BEGIN

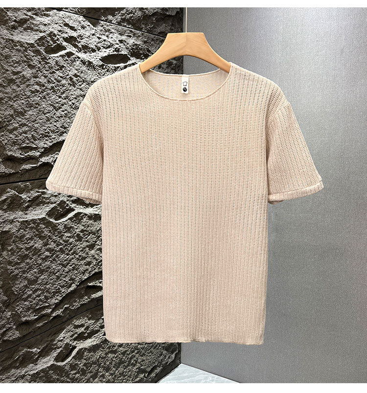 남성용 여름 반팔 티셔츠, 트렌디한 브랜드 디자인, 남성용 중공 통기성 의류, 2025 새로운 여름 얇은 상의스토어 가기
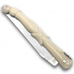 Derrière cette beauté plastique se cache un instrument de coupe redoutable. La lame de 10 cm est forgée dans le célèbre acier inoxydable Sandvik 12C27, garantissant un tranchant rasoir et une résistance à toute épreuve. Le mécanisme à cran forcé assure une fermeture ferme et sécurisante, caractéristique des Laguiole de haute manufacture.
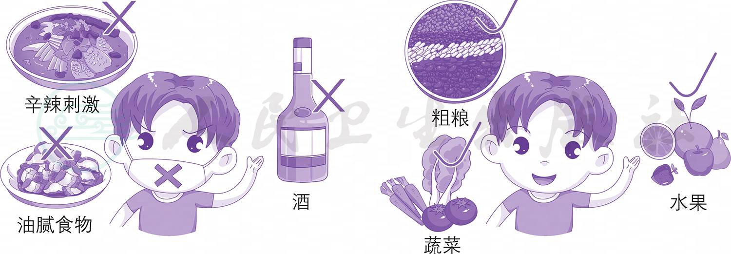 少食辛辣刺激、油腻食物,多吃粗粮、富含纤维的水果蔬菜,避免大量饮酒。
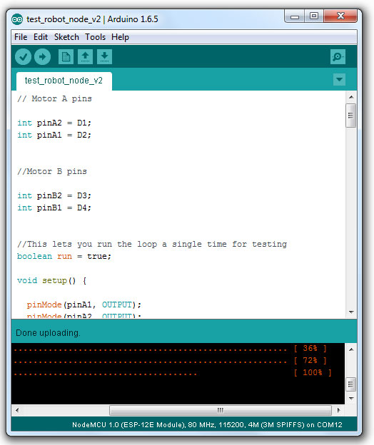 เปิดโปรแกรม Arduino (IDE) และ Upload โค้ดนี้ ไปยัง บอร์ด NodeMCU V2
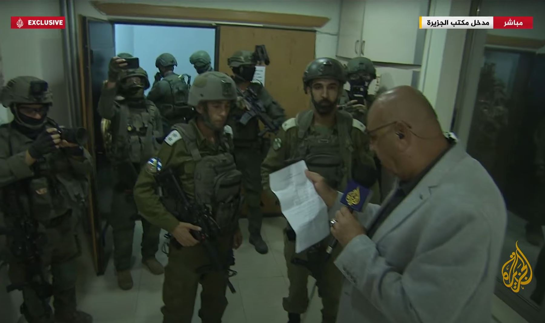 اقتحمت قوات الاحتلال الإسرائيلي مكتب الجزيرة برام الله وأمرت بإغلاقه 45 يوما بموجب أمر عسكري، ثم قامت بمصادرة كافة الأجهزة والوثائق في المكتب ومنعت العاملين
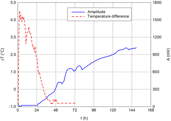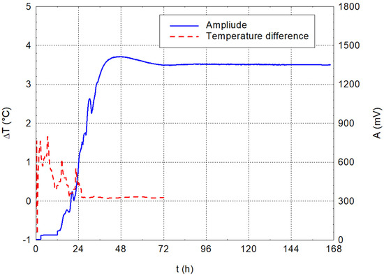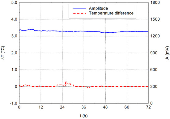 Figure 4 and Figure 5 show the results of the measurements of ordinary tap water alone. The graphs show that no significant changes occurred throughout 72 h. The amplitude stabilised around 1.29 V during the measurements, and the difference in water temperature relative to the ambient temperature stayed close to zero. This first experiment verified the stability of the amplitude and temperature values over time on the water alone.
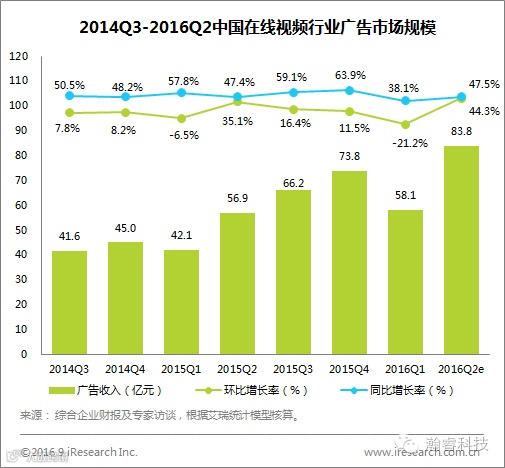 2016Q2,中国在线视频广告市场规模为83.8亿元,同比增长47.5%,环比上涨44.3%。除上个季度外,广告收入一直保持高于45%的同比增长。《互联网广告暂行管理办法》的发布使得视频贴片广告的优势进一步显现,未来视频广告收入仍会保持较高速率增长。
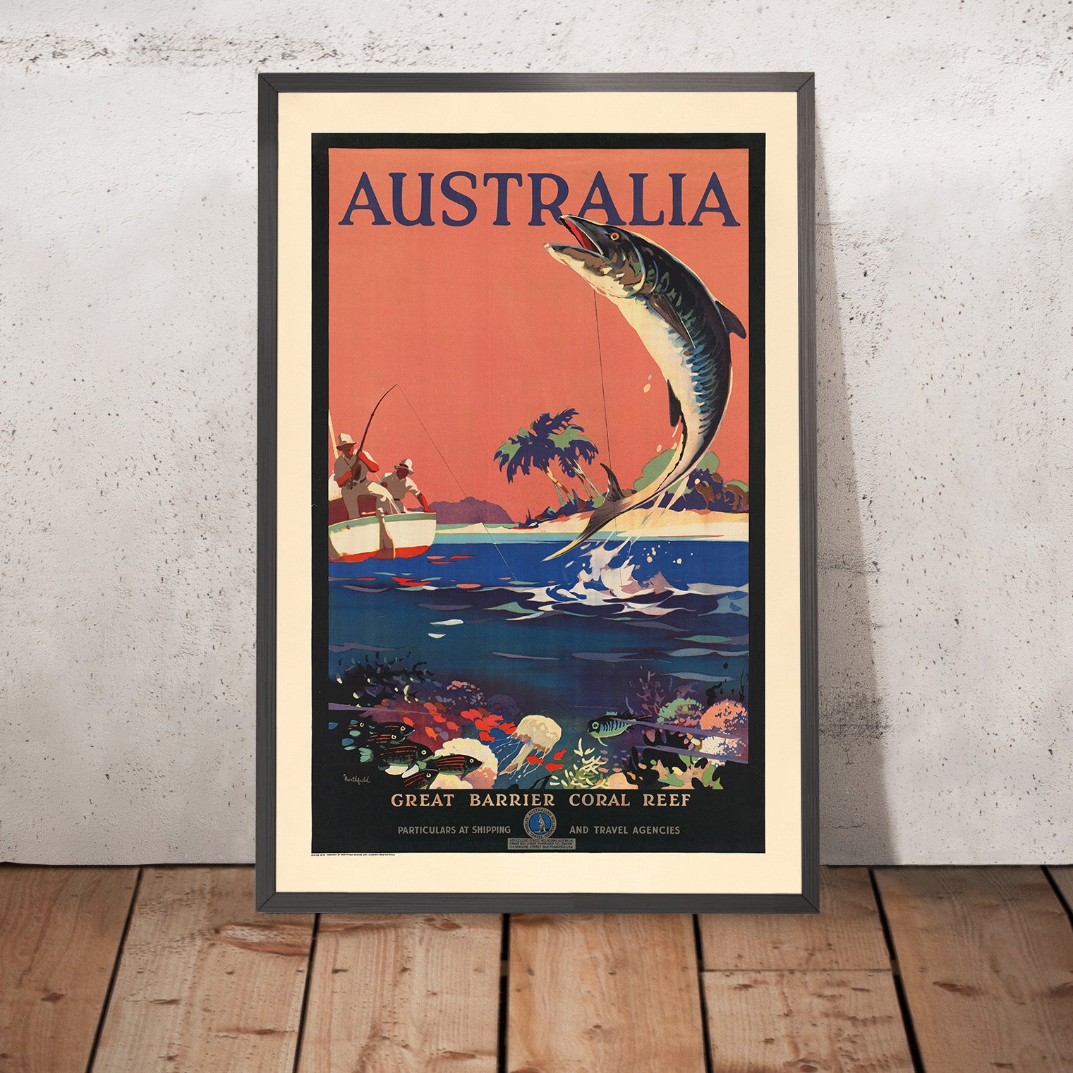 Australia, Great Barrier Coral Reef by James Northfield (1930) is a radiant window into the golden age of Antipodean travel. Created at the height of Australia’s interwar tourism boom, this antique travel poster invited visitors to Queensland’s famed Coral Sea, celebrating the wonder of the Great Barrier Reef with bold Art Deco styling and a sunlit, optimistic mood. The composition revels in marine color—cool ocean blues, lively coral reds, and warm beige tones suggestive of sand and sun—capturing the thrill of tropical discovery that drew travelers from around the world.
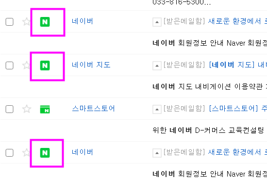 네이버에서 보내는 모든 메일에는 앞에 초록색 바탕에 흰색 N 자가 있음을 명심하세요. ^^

END

# Problem to solve:
What is needed is an exact retyping of the lines from the start of the data through the line with "少食辛辣刺激、油腻食物,多吃粗粮、富含纤维的水果蔬菜,避免大量饮酒。", with both end lines kept and every picture left out.

# Problem solution:
 남성용 여름 반팔 티셔츠, 트렌디한 브랜드 디자인, 남성용 중공 통기성 의류, 2025 새로운 여름 얇은 상의스토어 가기
 Derrière cette beauté plastique se cache un instrument de coupe redoutable. La lame de 10 cm est forgée dans le célèbre acier inoxydable Sandvik 12C27, garantissant un tranchant rasoir et une résistance à toute épreuve. Le mécanisme à cran forcé assure une fermeture ferme et sécurisante, caractéristique des Laguiole de haute manufacture.
 少食辛辣刺激、油腻食物,多吃粗粮、富含纤维的水果蔬菜,避免大量饮酒。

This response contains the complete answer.